Wednesday, March 17, 2004

A Sobering Afternoon

"D - E - F - G"

Traffic passed by my open window. Rain dripped onto my arm. Outside my window, on the street, the rain pelted officer Leopold's head. He didn't give any indication of caring.

"H - I - J - K"

Five minutes ago, I'd finished walking through the rain to my car, climbed in and drove up the street, looking for a good spot to turn around. I knew there was an intersection I could do so coming up, but wasn't sure where it was.

"L - M - N - O"

The lights startled me as I drove through Forest Park back in the direction I came. I pulled over - and winced as the spotlight shined straight into my mirror, blinding me. I raised it up and rolled down my window, wondering just what the hell I'd done.

"P - Q - R - S"

"Hi. I'm officer Leopold. What's your name?"

"Brian. What can I do for you sir?"

"Well Brian, I pulled you over because you looked uncertain at that left turn - and you crossed the line."

"Oh. Well, I'm not too familiar with this section of the park and I wasn't sure where the turn was exactly."

"I see. License please?" I handed the license over. "So Brian, where are you coming from?"

Oh shit, I thought. "Dogtown. I was just headed back from the parade."

"Have you been drinking?" he asked.

"I had a few earlier, but I stopped drinking around 3:00." It was 6:15, and I had stopped drinking three hours ago. Was I over the limit? I didn't see how.
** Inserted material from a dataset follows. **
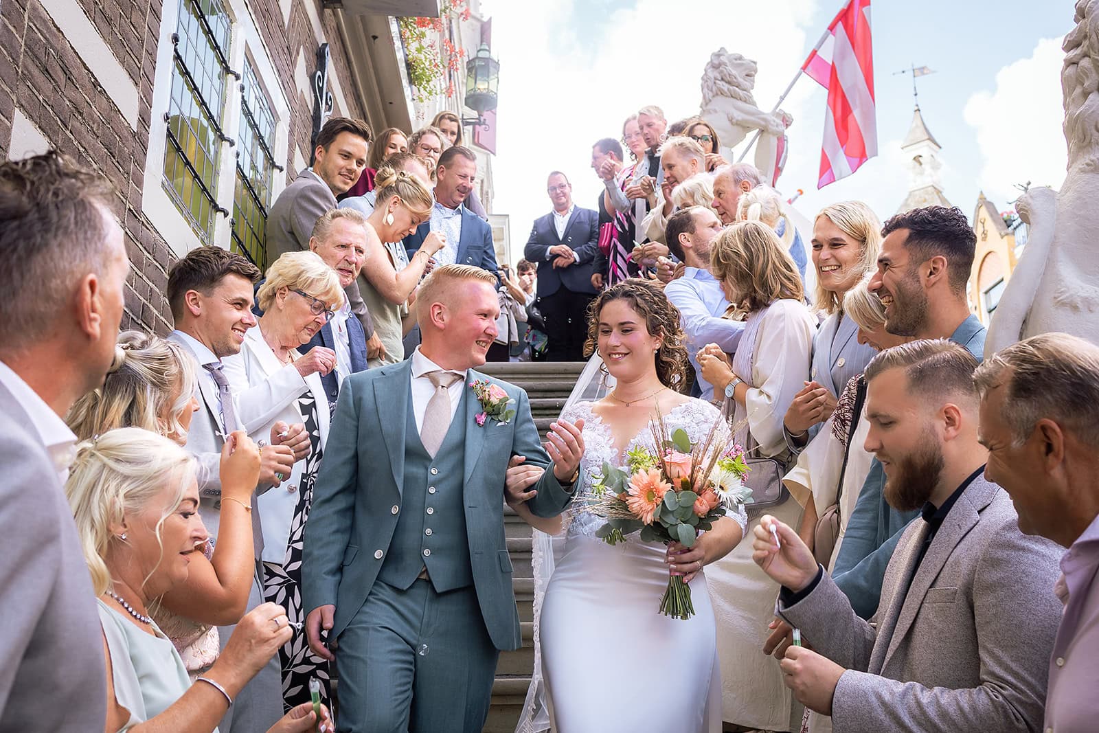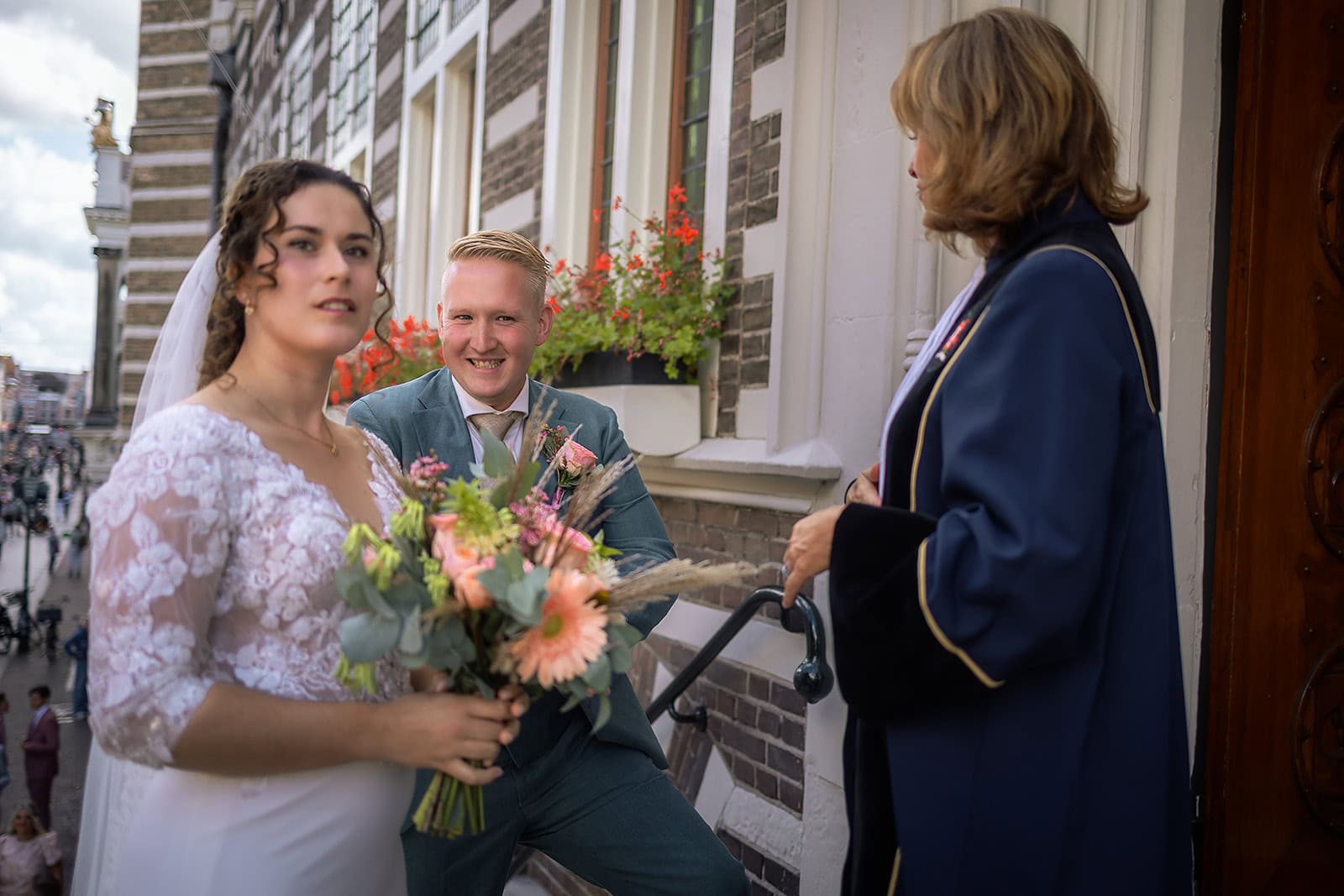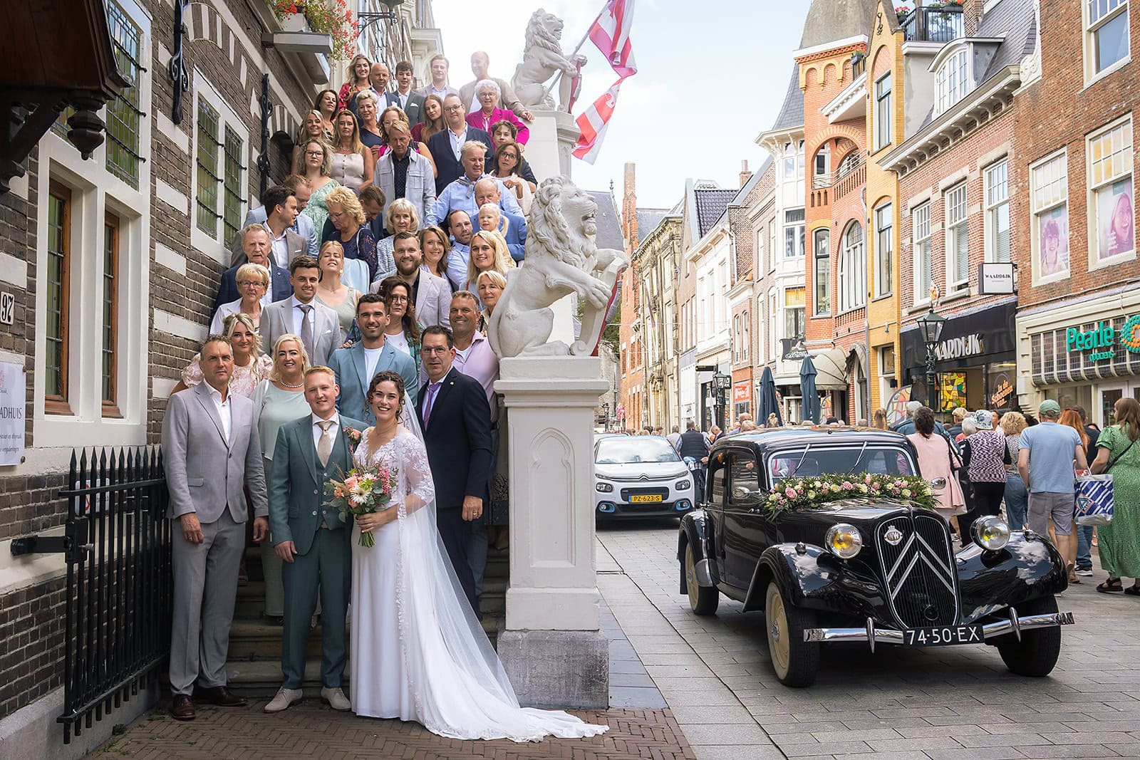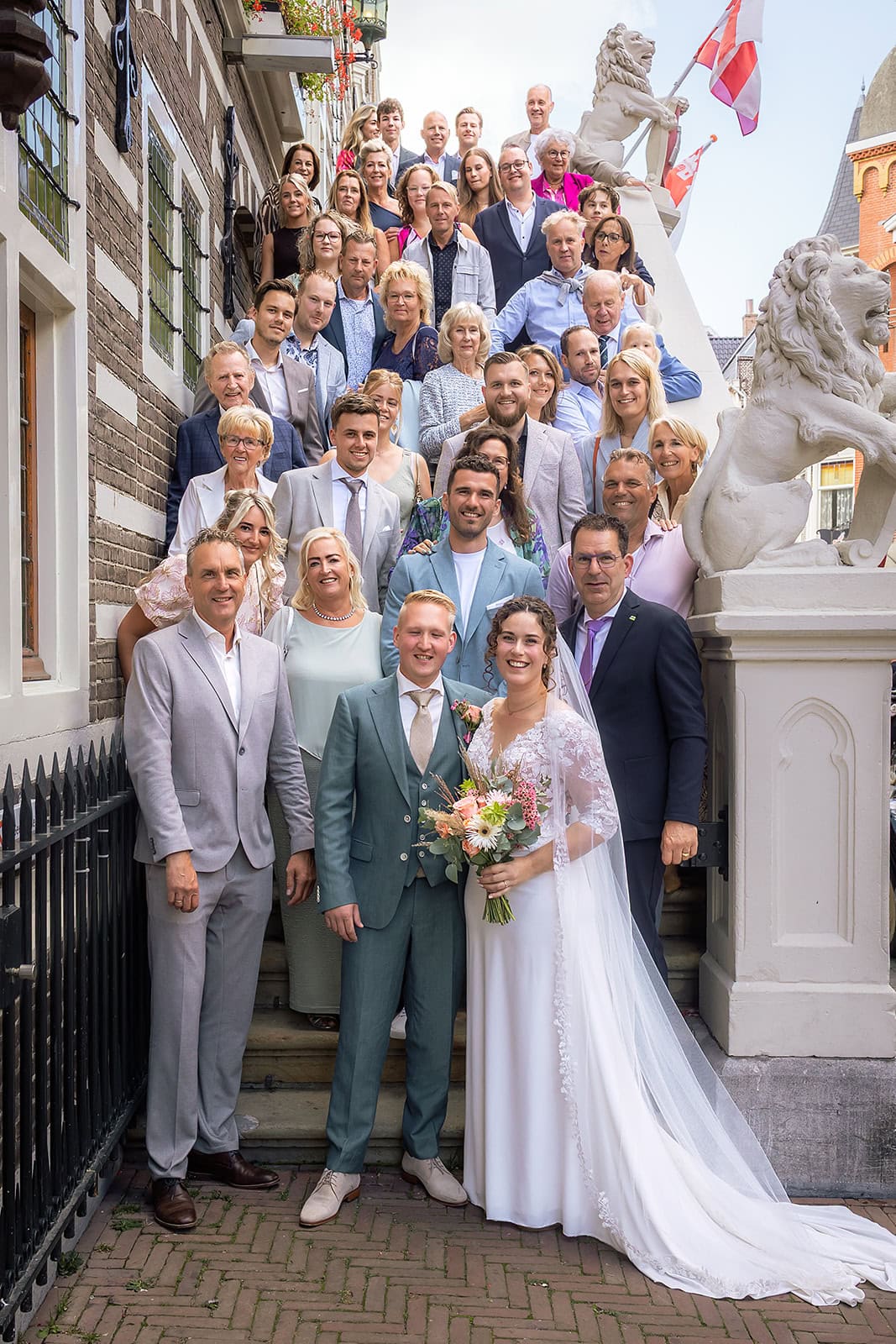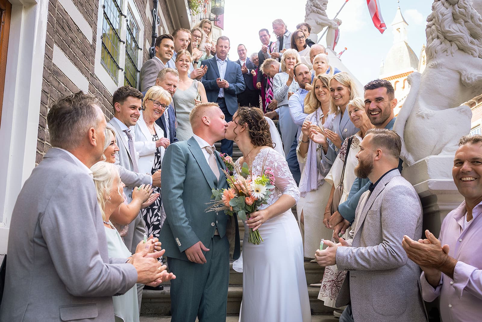 Daarna reden we naar het centrum van Alkmaar voor de ceremonie in het Stadhuis. Dit is een van de drukste plekken van de stad maar toch liep alles precies zoals gepland. In de prachtige zaal heb ik ieder moment vastgelegd tot in de kleinste details. Buiten maakten we vervolgens de groepsfoto’s op de trap van het Stadhuis.

"Why don't we do a field sobriety test?" he said. "Can you recite the alphabet starting from the letter D?"

"T - U - V - W"

So I did. And I counted backwars from 53 to 32. And I was scared shitless the whole time, fearing I would panic and miss a number. Or get them out of sequence. Or just plain make him think I was drunk and wind up in handcuffs.

"X - Y - Z"

The tests passed (at least I assume so, since I wasn't dragged off in cuffs), the officer returned to his car. I thanked him as he left. Later, as I thought about it, I became irritated - angry even. Why the hell was he wasting my time pulling me over? Did he have nothing better to do? Then a thought hit me - how many actual drunk drivers have had these thoughts after being pulled over? Maybe I shouldn't have been driving. Maybe I wasn't safe. I'm sure I was, but how many drunks have thought that before staggering to the car and plowing into a family of four?

I drove home feeling like I was walking on thin, cracking ice; do I look drunk? Am I drunk? I didn't try turning the streets between Dogtown and my house into my own personal NASCAR course. The offier was doing his job - and doing it well. And I'm happy he pulled me over - and a little ashamed that I was irritated about it later.

Some people - like the friends I was with tonight - would view this as THE MAN trying to keep us down. Some would think of this as police harrassment. I don't. In the end, when I finally made it home that night, I realized that there's a decent chance I shouldn't have been driving. And that's a sobering thought.